Let $E$ be a compact subset of $\mathbb{R}$ with Lebesgue measure $\lambda(E)=0$. For $\epsilon > 0$, let $E_\epsilon = \{x : d(x,E)<\epsilon\}$ where $d(x,E)$ is the distance between a point and a set.
How do I show that $\lim_{\epsilon \rightarrow 0} \lambda(E_{\epsilon}) = \lambda(E) = 0$?
I understand from the hint here that I need to be able to use that $\cap_{\epsilon}E_\epsilon = E$ for $\epsilon>0$ and that somehow the fact that $E$ being compact implies that if $d(x,E) = 0$, then $x\in E$. However I’m not sure how to go about this.
Is this generalizable? What if $\lambda(E) = \alpha < \infty$, can I show $\lim_{\epsilon \rightarrow 0} \lambda(E_{\epsilon}) = \lambda(E) = \alpha$?
Any help is appreciated!
You first need to show that, for $\epsilon_n$ decreasing to 0, $\cap_n E_{\epsilon_n} = E$. Now, fix any $x \in \cap_n E_{\epsilon_n}$. Since $x \in E_{\epsilon_n}$, by definition there is a point $x_n \in E$ with $d(x, x_n) < \epsilon_n$. As $\epsilon_n \rightarrow 0$, we have $x_n \rightarrow x$, so by compactness (or, really, it is enough if $E$ is just closed), $x$ must be in $E$, i.e., $\cap_n E_{\epsilon_n} \subseteq E$. The converse is obvious. Hence, $\lim_{n \rightarrow \infty} \lambda(E_{\epsilon_n}) = \lambda(E)$ as $E_{\epsilon_n}$ is a decreasing sequence of sets.
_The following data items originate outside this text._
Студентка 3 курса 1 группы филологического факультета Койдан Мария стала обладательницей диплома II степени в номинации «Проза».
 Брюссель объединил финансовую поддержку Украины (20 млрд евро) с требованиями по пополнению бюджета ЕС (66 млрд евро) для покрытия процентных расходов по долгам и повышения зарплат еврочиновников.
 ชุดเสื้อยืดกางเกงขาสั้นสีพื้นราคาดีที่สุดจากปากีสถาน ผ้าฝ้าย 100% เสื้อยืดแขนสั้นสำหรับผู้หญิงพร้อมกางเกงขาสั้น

Thus, for large enough $n$, whenever $\epsilon \leq \epsilon_n$, $\lambda(E_\epsilon)$ can be made as close to $\lambda(E)$ as desired, i.e., $\lim_{\epsilon \rightarrow 0} \lambda(E_\epsilon) = \lambda(E)$. (So, yes, the general version you asked at the end is also right. I should caution though that this only works when $E$ is closed. In general, a similar argument shows $\cap_n E_{\epsilon_n}$ is the closure of $E$, so $\lim_{\epsilon \rightarrow 0} \lambda(E_\epsilon) = \lambda(\bar{E})$ and the result fails whenever $\lambda(\bar{E} \setminus E) > 0$.)
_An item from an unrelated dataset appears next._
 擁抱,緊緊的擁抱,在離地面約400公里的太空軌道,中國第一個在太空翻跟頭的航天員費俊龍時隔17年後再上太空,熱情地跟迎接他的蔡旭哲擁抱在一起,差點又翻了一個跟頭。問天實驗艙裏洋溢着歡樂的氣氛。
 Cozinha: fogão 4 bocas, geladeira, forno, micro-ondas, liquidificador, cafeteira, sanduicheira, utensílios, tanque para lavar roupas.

Edit: As @ThomasLehéricy pointed out, the argument contains a gap. The claim $\lim_{n \rightarrow \infty} \lambda(E_{\epsilon_n}) = \lambda(E)$ is not necessarily true without assuming $\lambda(E_\epsilon) < \infty$ for some $\epsilon > 0$. If this assumption holds, then the argument works as is, showing that $\lim_{\epsilon \rightarrow 0} \lambda(E_\epsilon) = \lambda(\bar{E})$. But as @ThomasLehéricy mentioned, this could fail when $E$ is not compact, say, when $E = \mathbb{Z}$. This wouldn’t be a problem if $E$ is compact, since a compact $E$ must be contained in $[-a, a]$ for some $a > 0$, so $E_\epsilon \subseteq (-a - \epsilon, a + \epsilon)$ and is thus of finite measure.
To summarize, for compact $E$, your question and the more general version both have a positive answer. This might not be true without compactness.